Ardelyx Announces FDA Advisory Committee Votes that the Benefits of XPHOZAH® (tenapanor) Outweigh its Risks for the Control of Serum Phosphorus in Adult Patients with Chronic Kidney Disease on Dialysis
WALTHAM, Mass., Nov. 16, 2022 /PRNewswire/ -- Ardelyx, Inc. (Nasdaq: ARDX), a biopharmaceutical company founded with a mission to discover, develop and commercialize innovative first-in-class medicines that meet significant unmet medical needs, today announced the vote of the U.S. Food and Drug Administration's (FDA) Cardiovascular and Renal Drugs Advisory Committee (CRDAC) meeting for XPHOZAH for the control of serum phosphorus in adult patients with chronic kidney disease (CKD) on dialysis. The CRDAC voted nine to four that the benefits of treatment with XPHOZAH outweigh its risks for the control of serum phosphorus in adults with CKD on dialysis when administered as a monotherapy and voted ten to two, with one abstention, that the benefits of treatment with XPHOZAH in combination with phosphate binder treatment outweigh its risks.

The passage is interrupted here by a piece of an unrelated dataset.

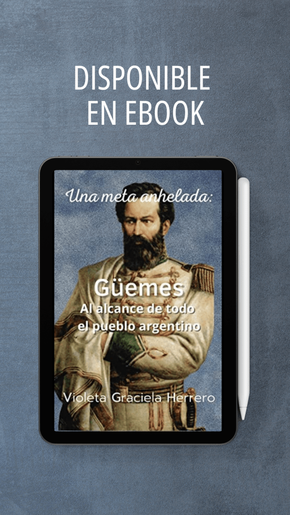 Los invito a leer mi último ensayo histórico, Una meta anhelada: Güemes al alcance de todo el pueblo argentino, publicada por Editorial Nueva Generación, Buenos Aires, 2021. En esta obra construyo una épica del líder salteño que se asienta en sus perfiles de acción, su carácter y sus virtudes. Haciendo uso de mis conocimientos sobre inteligencia emocional, amplío el panorama interdisciplinar e intento facilitar una imagen más humana del prócer.

- "We are confident that the data from three Phase 3 clinical trials involving more than 1,200 patients support the approval of XPHOZAH in the U.S. for the control of serum phosphorus in adult patients with CKD on dialysis.
- We want to thank the patients, physicians and the advocacy community who shared their valuable insights today and throughout the development program.
- The nephrology community is enthusiastic to have access to this therapy with its novel mechanism of action to help our patients."
- Ardelyx is developing XPHOZAH (tenapanor), a novel product candidate to control serum phosphorus in adult patients with CKD on dialysis, which has completed three successful Phase 3 trials.